What you should do >>
Scan the records for "illustration". Report each line that includes it.

The records >>
####################
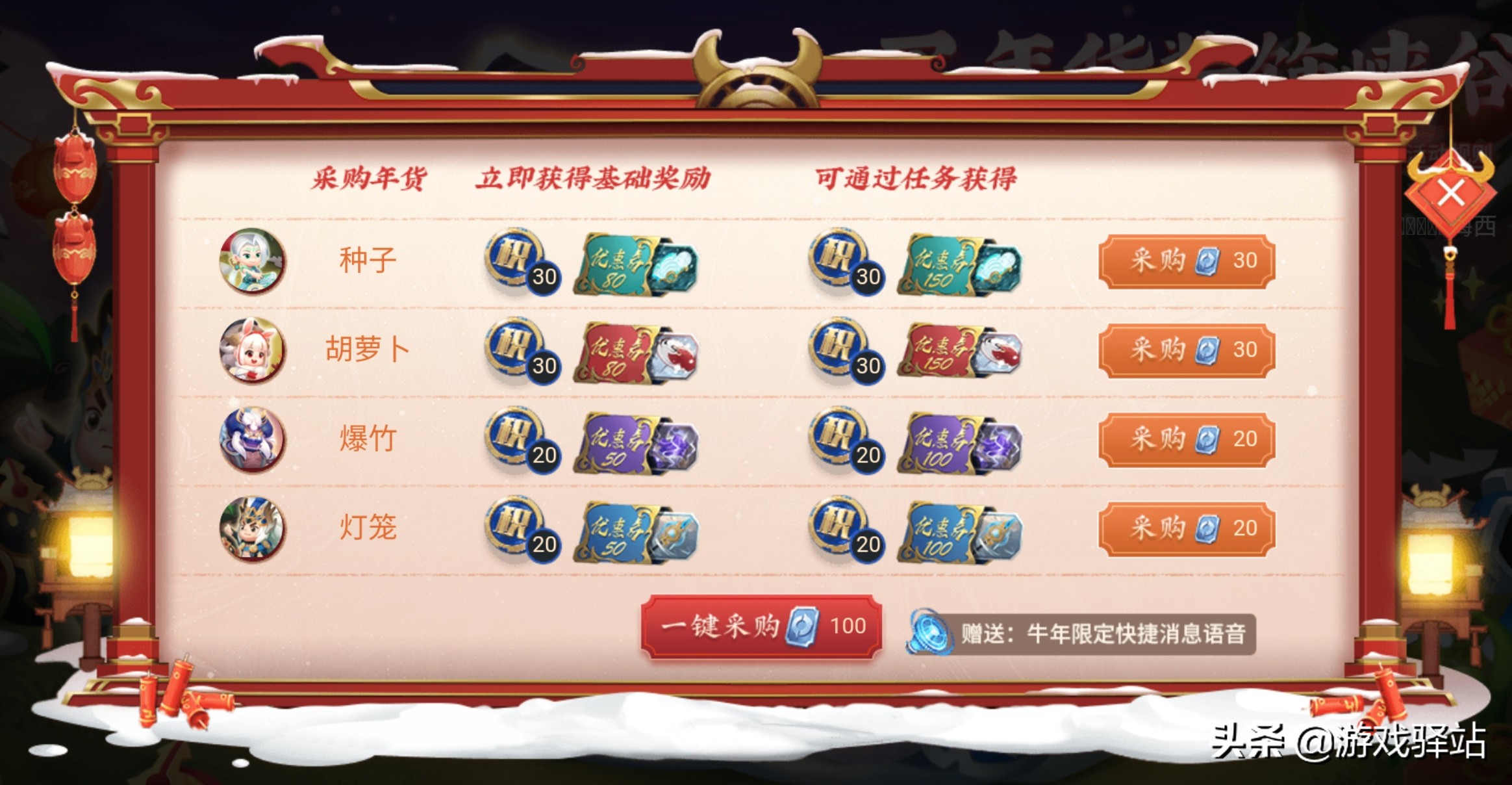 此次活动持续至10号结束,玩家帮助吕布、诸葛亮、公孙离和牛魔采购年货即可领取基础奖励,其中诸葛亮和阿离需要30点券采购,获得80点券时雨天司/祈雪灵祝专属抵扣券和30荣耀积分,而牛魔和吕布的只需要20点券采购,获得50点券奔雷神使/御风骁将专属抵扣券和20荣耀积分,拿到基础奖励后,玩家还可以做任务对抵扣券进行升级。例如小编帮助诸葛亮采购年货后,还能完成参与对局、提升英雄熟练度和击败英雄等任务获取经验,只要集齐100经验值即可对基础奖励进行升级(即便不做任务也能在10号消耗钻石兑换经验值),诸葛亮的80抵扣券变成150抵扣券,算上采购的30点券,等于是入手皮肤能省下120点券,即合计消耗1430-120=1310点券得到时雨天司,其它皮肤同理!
####################
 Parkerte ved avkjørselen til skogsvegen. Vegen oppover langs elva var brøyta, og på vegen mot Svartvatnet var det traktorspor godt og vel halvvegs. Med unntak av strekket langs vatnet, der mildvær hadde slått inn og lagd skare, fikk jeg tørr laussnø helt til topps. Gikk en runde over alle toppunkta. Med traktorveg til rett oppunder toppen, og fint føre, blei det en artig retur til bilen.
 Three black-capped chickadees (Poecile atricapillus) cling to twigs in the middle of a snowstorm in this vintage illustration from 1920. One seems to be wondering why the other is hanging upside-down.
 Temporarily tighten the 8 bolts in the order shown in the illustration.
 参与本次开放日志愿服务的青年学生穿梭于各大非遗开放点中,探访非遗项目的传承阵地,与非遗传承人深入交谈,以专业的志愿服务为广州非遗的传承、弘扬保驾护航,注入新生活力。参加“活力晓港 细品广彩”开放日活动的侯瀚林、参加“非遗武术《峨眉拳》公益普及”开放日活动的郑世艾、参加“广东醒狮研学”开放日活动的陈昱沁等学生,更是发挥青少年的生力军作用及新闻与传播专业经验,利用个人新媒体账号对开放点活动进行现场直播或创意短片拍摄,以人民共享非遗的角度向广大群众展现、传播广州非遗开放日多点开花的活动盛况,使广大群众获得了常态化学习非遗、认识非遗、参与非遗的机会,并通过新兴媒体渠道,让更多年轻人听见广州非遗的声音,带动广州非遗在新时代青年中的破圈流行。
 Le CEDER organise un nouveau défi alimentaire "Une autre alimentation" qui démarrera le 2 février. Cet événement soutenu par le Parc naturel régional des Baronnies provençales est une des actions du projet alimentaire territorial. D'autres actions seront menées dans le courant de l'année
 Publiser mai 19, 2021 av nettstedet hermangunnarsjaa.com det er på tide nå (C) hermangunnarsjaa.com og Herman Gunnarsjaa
####################
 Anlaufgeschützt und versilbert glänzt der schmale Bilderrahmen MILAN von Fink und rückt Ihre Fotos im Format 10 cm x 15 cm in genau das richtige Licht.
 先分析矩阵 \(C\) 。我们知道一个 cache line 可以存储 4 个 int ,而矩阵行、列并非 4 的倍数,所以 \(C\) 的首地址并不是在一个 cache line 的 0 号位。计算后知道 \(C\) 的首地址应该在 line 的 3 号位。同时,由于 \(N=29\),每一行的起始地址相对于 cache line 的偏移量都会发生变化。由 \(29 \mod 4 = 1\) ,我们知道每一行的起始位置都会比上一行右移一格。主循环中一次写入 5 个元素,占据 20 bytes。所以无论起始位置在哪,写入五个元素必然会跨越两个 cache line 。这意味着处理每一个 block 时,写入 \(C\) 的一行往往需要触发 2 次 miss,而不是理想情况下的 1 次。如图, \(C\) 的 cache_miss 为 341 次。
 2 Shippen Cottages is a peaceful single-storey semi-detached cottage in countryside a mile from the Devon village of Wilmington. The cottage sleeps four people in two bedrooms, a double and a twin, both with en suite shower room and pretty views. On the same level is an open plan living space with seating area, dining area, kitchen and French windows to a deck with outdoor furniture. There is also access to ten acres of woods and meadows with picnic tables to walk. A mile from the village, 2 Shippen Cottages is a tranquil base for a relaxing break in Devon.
####################
Task answer >>
 Three black-capped chickadees (Poecile atricapillus) cling to twigs in the middle of a snowstorm in this vintage illustration from 1920. One seems to be wondering why the other is hanging upside-down.
 Temporarily tighten the 8 bolts in the order shown in the illustration.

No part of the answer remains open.